§ **Task objective**
In the records below, the line with "私の頼んだランチは、プレート" opens the range and the line with "이번에 전남 보성에 위치한 (주)PSG 대성충전소 영업관리 채용 공고를" closes it; print that range exactly and nothing else.

§ **Entries provided**
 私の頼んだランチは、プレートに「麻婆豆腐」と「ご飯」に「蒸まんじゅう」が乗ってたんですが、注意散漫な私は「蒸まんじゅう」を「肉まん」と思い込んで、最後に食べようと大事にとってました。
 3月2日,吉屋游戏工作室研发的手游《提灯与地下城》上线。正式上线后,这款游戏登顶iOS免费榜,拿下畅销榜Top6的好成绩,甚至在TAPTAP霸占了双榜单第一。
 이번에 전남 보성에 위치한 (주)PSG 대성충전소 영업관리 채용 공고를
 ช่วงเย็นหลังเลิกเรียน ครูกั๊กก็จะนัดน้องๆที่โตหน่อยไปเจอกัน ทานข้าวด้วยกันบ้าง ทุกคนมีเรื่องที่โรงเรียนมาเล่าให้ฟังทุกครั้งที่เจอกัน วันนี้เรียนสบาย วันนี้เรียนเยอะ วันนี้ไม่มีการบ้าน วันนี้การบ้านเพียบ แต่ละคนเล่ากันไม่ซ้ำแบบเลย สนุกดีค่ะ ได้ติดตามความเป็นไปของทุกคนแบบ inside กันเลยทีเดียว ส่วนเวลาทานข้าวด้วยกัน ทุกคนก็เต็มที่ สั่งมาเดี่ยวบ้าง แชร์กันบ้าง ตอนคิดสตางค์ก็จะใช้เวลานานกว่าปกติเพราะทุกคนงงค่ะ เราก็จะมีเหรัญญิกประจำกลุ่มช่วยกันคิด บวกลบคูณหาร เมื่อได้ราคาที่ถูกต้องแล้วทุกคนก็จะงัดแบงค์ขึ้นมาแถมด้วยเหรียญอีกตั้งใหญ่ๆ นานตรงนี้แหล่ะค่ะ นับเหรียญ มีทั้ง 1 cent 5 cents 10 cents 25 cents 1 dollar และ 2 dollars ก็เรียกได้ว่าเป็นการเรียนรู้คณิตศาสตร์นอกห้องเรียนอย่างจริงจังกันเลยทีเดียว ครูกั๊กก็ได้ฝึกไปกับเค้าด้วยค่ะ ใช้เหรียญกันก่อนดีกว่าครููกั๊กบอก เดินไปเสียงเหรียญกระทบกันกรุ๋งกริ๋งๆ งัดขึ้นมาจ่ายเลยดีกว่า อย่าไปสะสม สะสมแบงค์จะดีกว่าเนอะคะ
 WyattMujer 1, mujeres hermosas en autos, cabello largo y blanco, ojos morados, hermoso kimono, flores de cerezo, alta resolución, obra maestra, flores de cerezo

==

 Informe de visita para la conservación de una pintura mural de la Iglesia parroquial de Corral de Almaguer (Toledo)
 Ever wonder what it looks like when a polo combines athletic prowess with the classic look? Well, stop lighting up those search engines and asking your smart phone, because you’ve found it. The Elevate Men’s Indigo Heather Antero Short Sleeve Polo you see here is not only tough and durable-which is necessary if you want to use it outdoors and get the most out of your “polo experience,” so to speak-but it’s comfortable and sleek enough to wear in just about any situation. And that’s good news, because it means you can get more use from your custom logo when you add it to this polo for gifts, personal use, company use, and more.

--

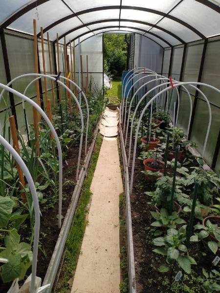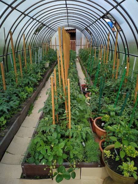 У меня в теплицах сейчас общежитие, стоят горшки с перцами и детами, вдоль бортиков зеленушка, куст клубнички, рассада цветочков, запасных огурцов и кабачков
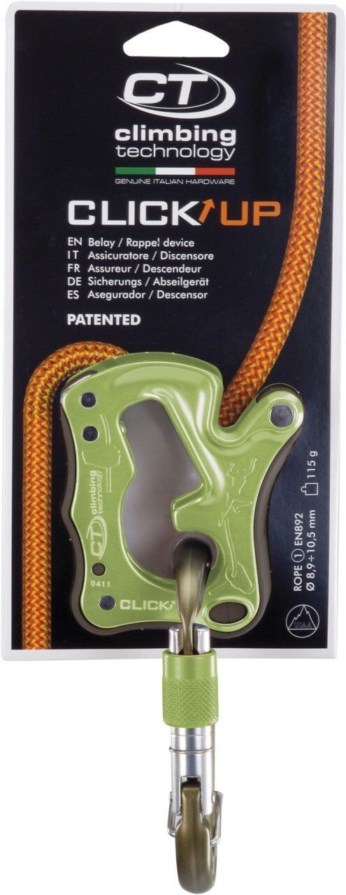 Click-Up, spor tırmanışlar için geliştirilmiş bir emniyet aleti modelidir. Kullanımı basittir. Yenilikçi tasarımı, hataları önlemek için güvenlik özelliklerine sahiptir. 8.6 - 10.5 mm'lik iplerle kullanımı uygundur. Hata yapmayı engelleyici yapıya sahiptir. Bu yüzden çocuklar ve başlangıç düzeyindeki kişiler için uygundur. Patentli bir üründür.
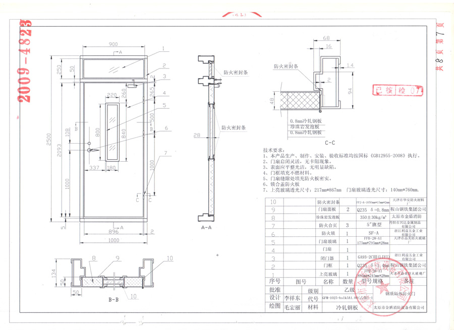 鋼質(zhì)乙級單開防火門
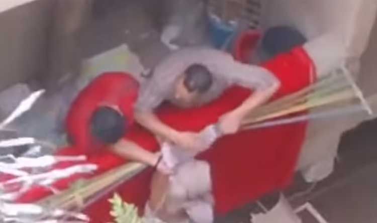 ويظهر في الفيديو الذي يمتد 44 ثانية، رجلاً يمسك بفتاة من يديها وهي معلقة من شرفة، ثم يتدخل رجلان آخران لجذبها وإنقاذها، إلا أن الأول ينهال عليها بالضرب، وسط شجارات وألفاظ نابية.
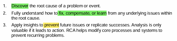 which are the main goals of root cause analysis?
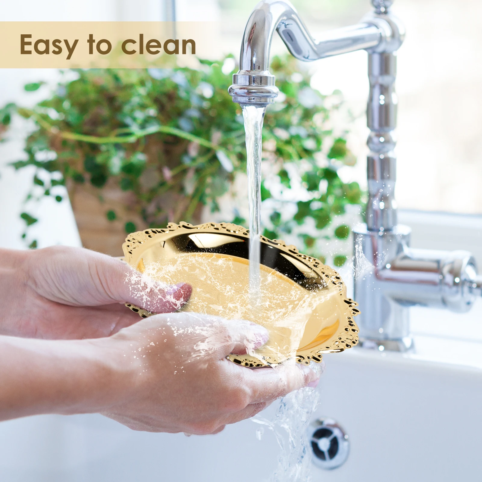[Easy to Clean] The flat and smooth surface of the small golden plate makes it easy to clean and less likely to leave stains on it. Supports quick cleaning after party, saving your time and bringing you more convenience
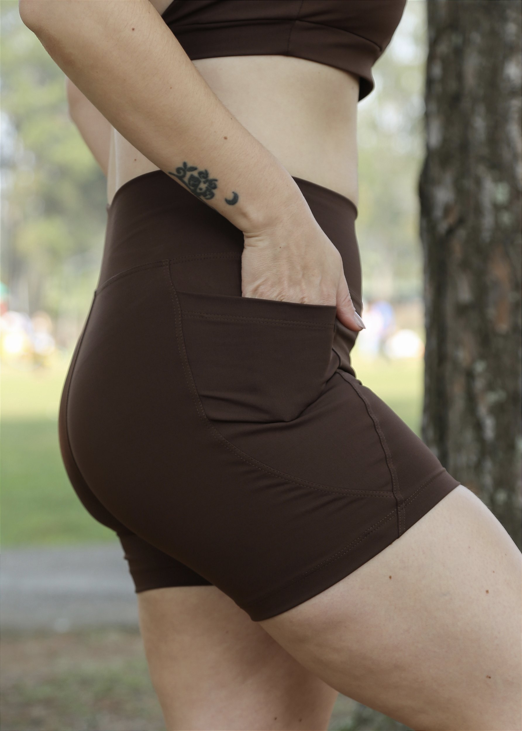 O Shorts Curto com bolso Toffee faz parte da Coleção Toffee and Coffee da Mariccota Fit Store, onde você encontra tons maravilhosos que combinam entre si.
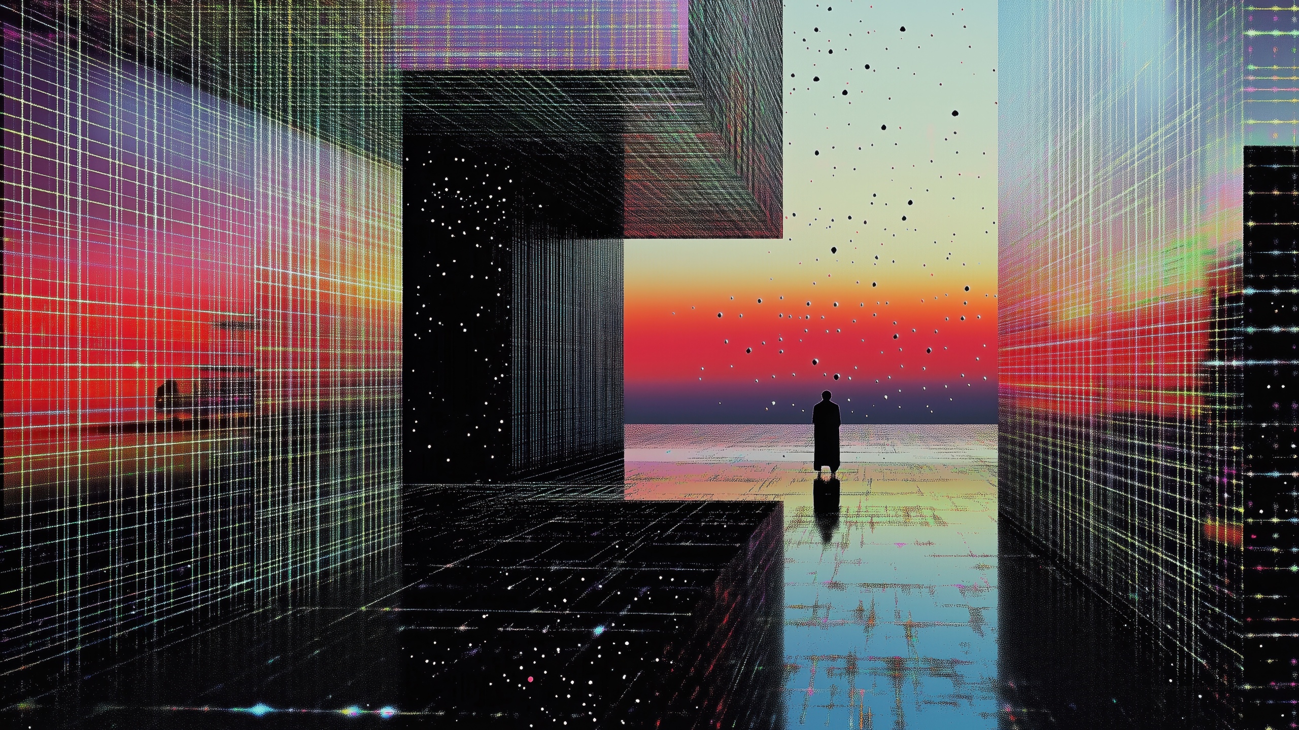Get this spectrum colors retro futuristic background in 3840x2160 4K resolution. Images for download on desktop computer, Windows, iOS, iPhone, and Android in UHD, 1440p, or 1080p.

§ **Output of the task**
 私の頼んだランチは、プレートに「麻婆豆腐」と「ご飯」に「蒸まんじゅう」が乗ってたんですが、注意散漫な私は「蒸まんじゅう」を「肉まん」と思い込んで、最後に食べようと大事にとってました。
 3月2日,吉屋游戏工作室研发的手游《提灯与地下城》上线。正式上线后,这款游戏登顶iOS免费榜,拿下畅销榜Top6的好成绩,甚至在TAPTAP霸占了双榜单第一。
 이번에 전남 보성에 위치한 (주)PSG 대성충전소 영업관리 채용 공고를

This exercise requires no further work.